1939 film by Clarence Brown

Idiot's Delight is a 1939 American MGM comedy drama with a screenplay adapted by Robert E. Sherwood from his 1936 Pulitzer-Prize-winning play of the same name. The production reunited director Clarence Brown, Clark Gable and Norma Shearer eight years after they worked together on A Free Soul. The play takes place in a hotel in the Italian Alps during 24 hours at the beginning of a world war. The film begins with the backstory of the two leads and transfers the later action to a fictitious Alpine country rather than Italy, which was the setting for the play. In fact, Europe was on the brink of World War II. (The studio's attempts to make the film palatable for the totalitarian states—including the hazy geographical location and the scrupulous use of Esperanto in speech and signage—were a waste of time.

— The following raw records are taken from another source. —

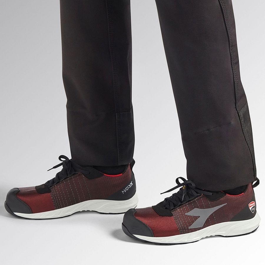 Der Diadora Utility FLY MOTOR MATRYX LOW S1PL (Artikelnummer: 701.181222_C2461) ist ein moderner, niedriger Sicherheitsschuh, der Funktionalität und innovatives Design vereint. Dank der speziellen Matryx-Technologie, einem atmungsaktiven und abriebfesten Mehrfasergewebe, bietet dieser Schuh höchsten Tragekomfort und Langlebigkeit. Die Carbonfaser-Zehenschutzkappe (200J) sorgt für maximale Sicherheit, während die ultraleichte K SOLE ECO-Zwischensohle zuverlässigen Durchtrittschutz bietet. Die Kombination aus einer EVA-Zwischensohle mit TPU-Schutzfilm und der hochwertigen Vibram Litebase-Gummisohle gewährleistet eine hervorragende Rutschfestigkeit (SR) sowie Beständigkeit gegen hohe Temperaturen (HRO). Für zusätzliche Ergonomie und Komfort verfügt der Schuh über ein antistatisches, herausnehmbares Fußbett aus recyceltem PU-Schaum mit Aktivkohle für optimierte Atmungsaktivität. Zudem ist der FLY MOTOR MATRYX LOW S1PL ESD-zertifiziert und komplett metallfrei, wodurch er sich ideal für verschiedenste Arbeitsumgebungen eignet. Ob in der Industrie, Werkstatt, Logistik oder im Handwerk – dieser Sicherheitsschuh kombiniert Schutz, Komfort und modernes Design mit der exklusiven DUCATI CORSE-Personalisierung.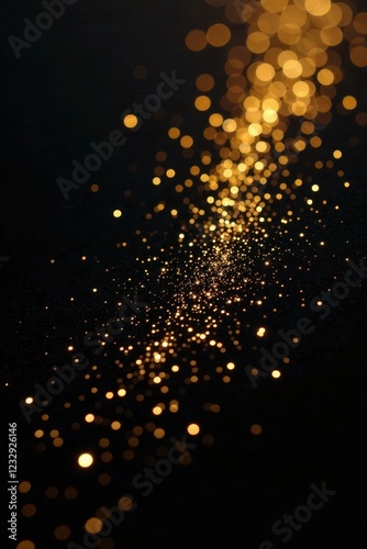 Fototapeta premium Scattered gold glitter, fine texture on black, backdrop, gold glitter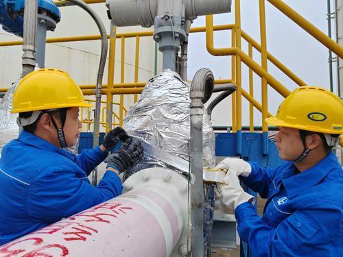 入冬以来,安徽淮南石油进一步加强库站设备安全管理,扎实做好防冻、防滑、防火、防中毒的冬季“四防”工作,落实隐患排查治理责任,对仪表、阀门、管道等设备设施进行全覆盖防冻保温检查,确保冬季生产安全平稳。图为淮南油库员工对设备进行保温防冻处理。葛如俊 摄

They banned it anyway.) Although not a musical, it is notable as the only film in which Gable sings and dances, performing Irving Berlin's "Puttin' On the Ritz" with a sextette of chorus girls.

==Plot==
Harry Van, an American World War I veteran, tries to reenter show business and ends up in a faltering mentalist show with Madame Zuleika, an inept, aging alcoholic. While performing in Omaha, Nebraska, he is wooed by Irene, a trapeze artist who claims to be a refugee from the Russian Revolution and hopes to replace Harry's drunken partner in the show and as his lover. They have a romantic night, but he is suspicious of Irene's flights of fancy. The next day, Harry and Zuleika and Irene and her troupe board trains going in opposite directions.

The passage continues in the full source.